Exercise objective » Restate word for word the part of the material that runs from the line containing "Port wyjściowy: wyjście" through its final line, inclusive, minus the pictures.

START Data extract

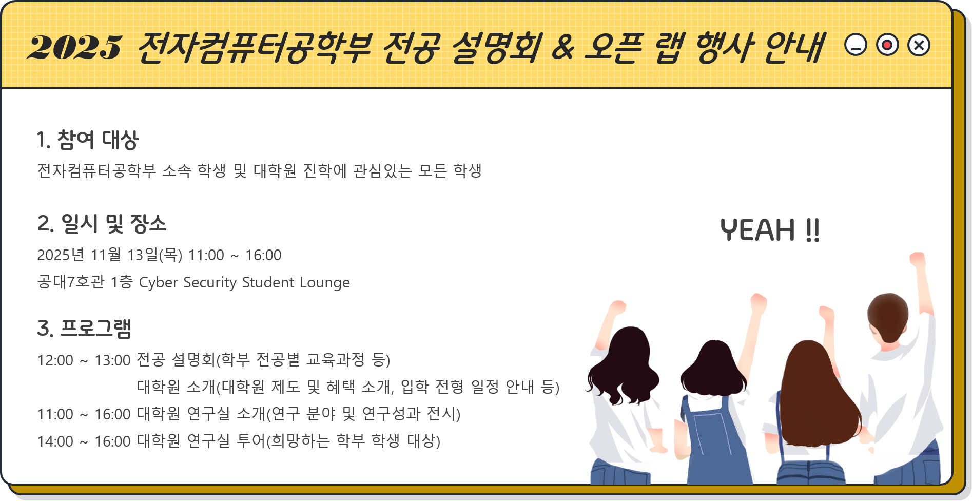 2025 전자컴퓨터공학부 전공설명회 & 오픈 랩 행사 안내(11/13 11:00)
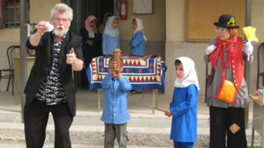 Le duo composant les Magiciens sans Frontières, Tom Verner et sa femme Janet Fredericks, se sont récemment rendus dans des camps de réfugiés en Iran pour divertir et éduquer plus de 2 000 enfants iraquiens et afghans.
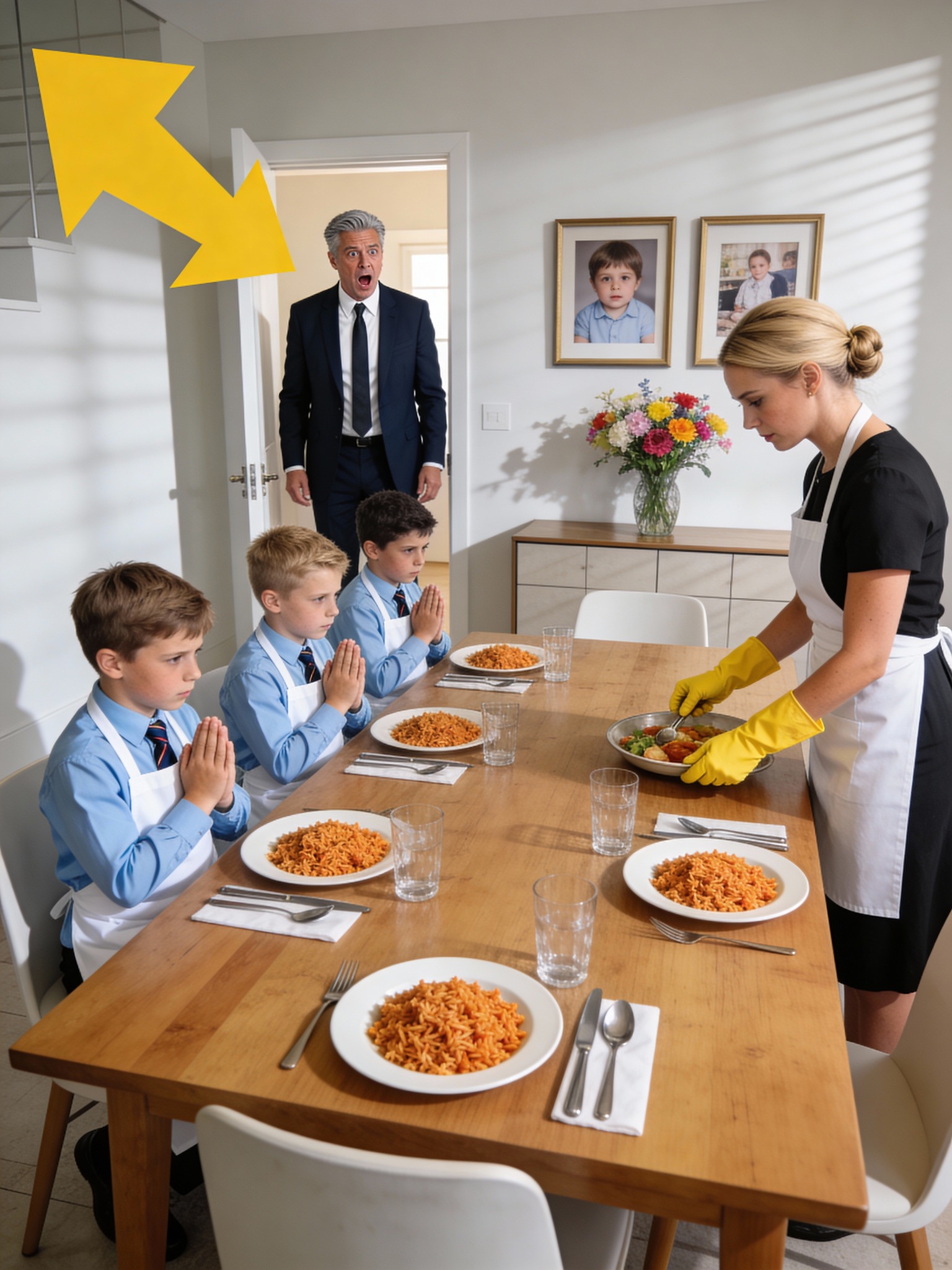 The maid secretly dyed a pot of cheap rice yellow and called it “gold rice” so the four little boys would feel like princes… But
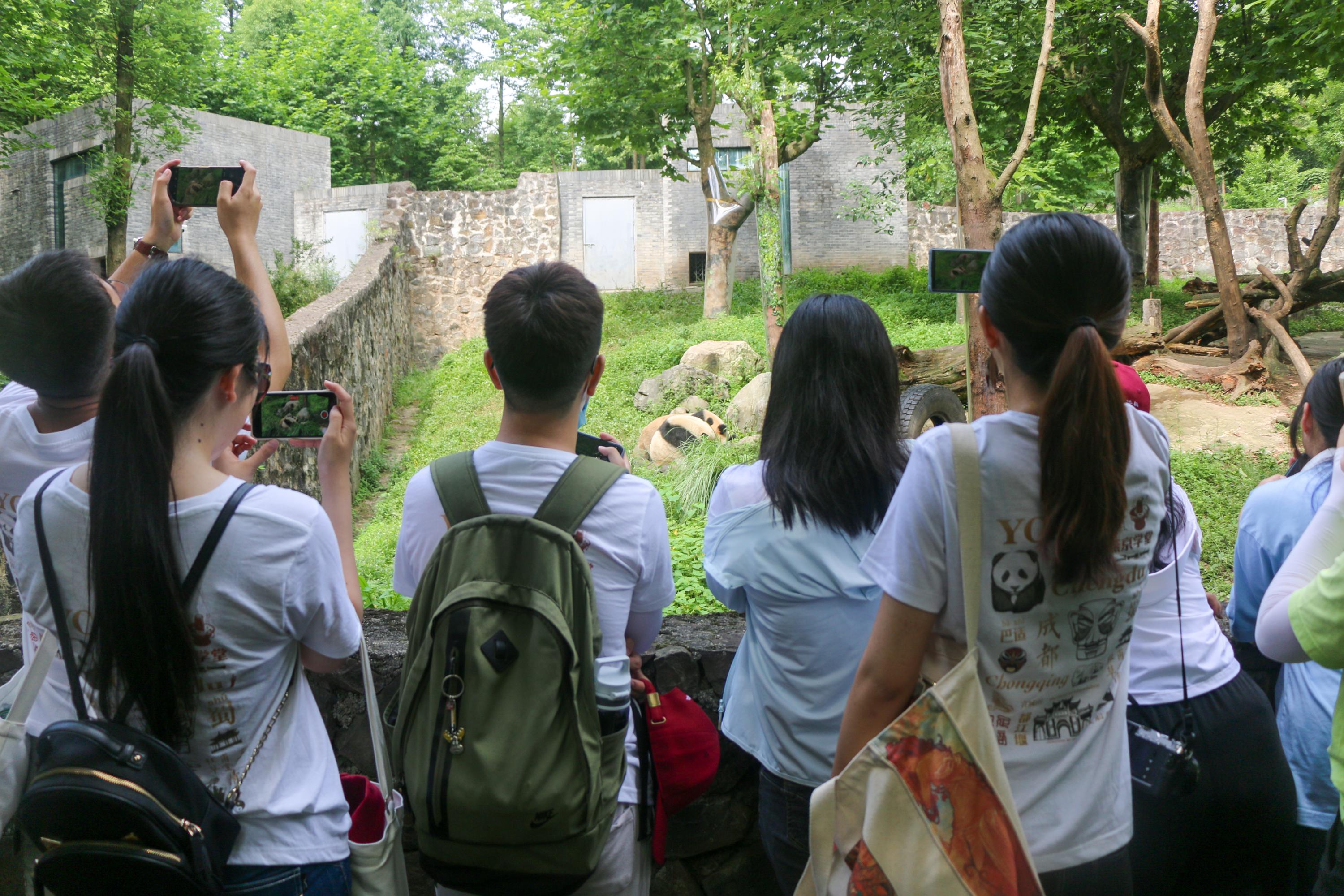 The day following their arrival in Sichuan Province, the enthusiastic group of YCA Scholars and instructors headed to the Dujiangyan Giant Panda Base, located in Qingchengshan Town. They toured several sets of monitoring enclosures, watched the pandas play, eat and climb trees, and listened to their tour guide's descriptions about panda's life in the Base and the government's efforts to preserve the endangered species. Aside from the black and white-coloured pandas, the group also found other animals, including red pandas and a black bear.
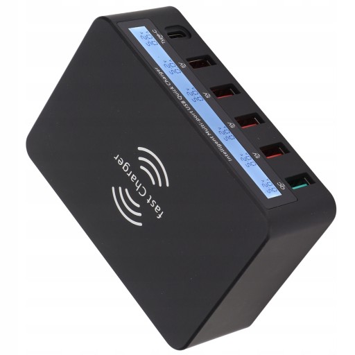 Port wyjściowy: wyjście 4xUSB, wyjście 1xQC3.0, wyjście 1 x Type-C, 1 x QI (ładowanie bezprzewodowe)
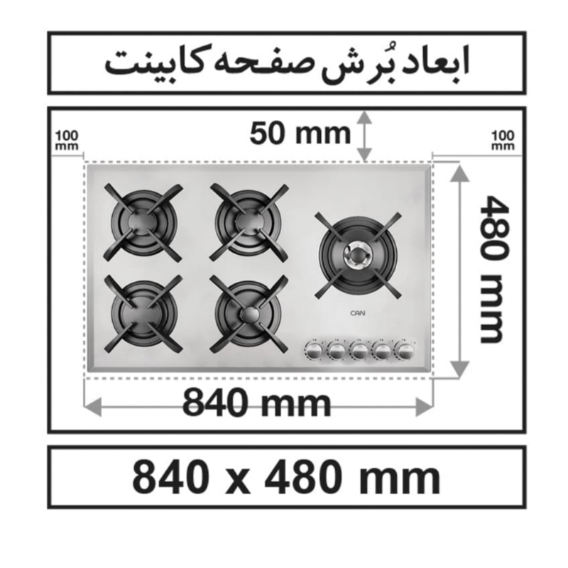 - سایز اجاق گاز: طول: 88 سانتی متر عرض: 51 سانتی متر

END Data extract

Written solution »
 Port wyjściowy: wyjście 4xUSB, wyjście 1xQC3.0, wyjście 1 x Type-C, 1 x QI (ładowanie bezprzewodowe)
 - سایز اجاق گاز: طول: 88 سانتی متر عرض: 51 سانتی متر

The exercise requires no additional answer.